Embedding Bratteli-Vershik systems in cellular automata

TL;DR

This paper presents a method to embed Bratteli-Vershik systems, which describe various dynamical systems, into cellular automata by representing them as two-dimensional subshifts of finite type and then recoding as spacetime diagrams.

Contribution

The authors introduce a novel technique to embed a broad class of adic systems into cellular automata using combinatorial and symbolic dynamics methods.

Findings

Many odometers, Toeplitz systems, and substitution systems can be embedded in 1D cellular automata.

The embedding preserves the dynamical structure of the original systems.

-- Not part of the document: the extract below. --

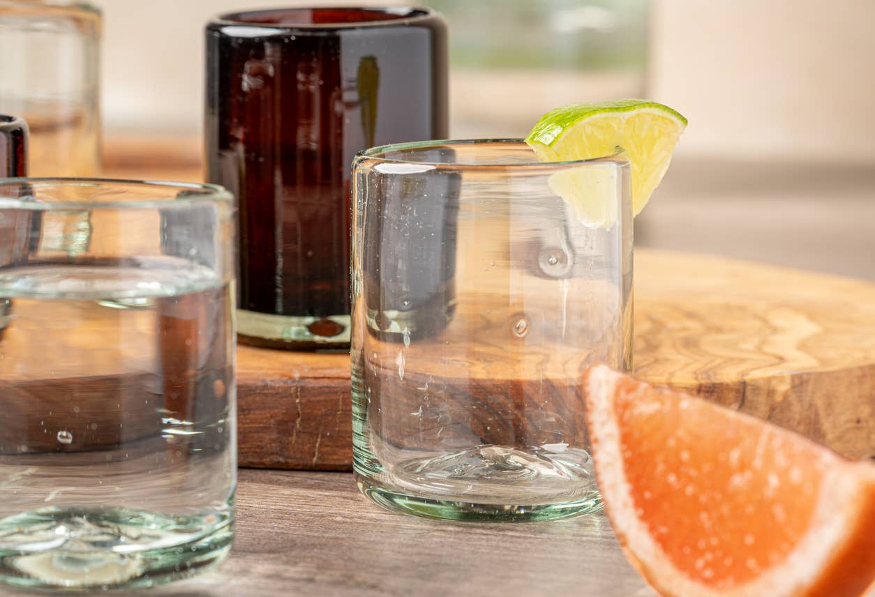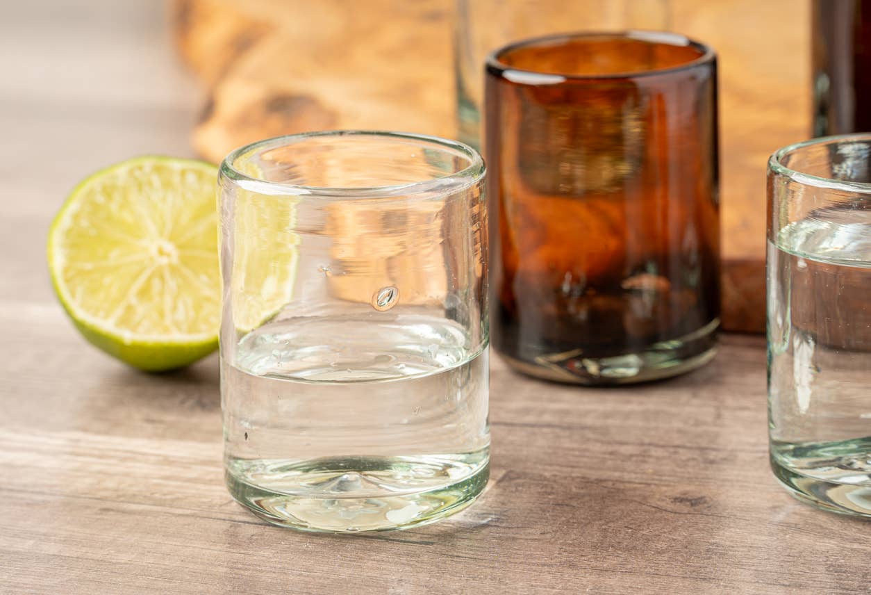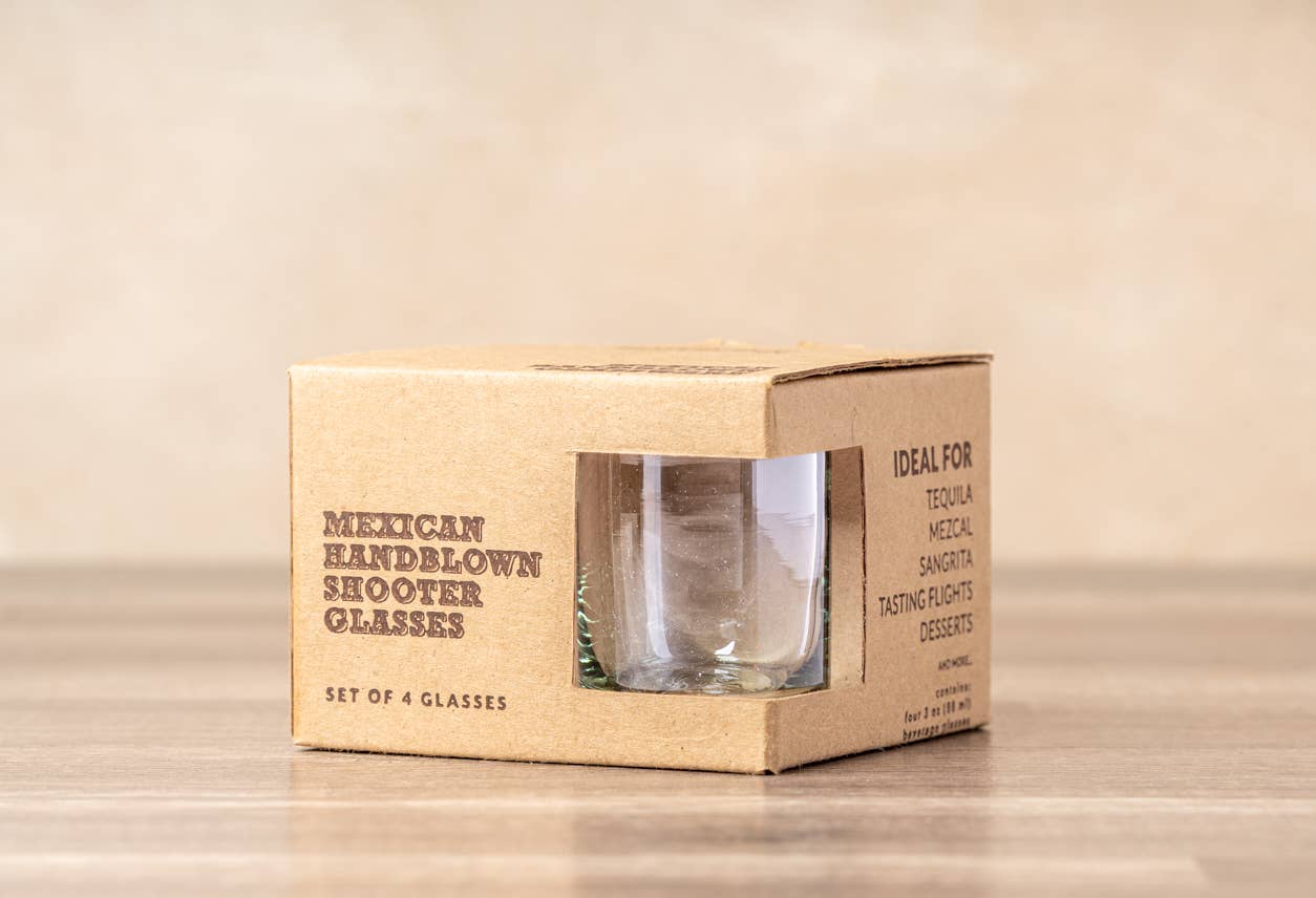 Introducing our Handblown Mexican Glasses in Clear - the perfect way to savor your favorite tequila or mezcal. Sustainably handcrafted by our talented glassblowing artisans in Jalisco, Mexico, each glass is meticulously shaped while molten hot, preserving its distinctive character. **Packaged in sets of 4 as

The approach provides a new way to analyze complex systems via cellular automata.

Abstract

Many dynamical systems can be naturally represented as `Bratteli-Vershik' (or `adic') systems, which provide an appealing combinatorial description of their dynamics. If an adic system X satisfies two technical conditions (`focus' and `bounded width') then we show how to represent X using a two-dimensional subshift of finite type Y; each `row' in a Y-admissible configuration corresponds to an infinite path in the Bratteli diagram of X, and the vertical shift on Y corresponds to the `successor' map of X. Any Y-admissible configuration can then be recoded as the spacetime diagram of a one-dimensional cellular automaton F; in this way X is `embedded' in F (i.e. X is conjugate to a subsystem of F). With this technique, we can embed many odometers, Toeplitz systems, and constant-length substitution systems in one-dimensional cellular automata.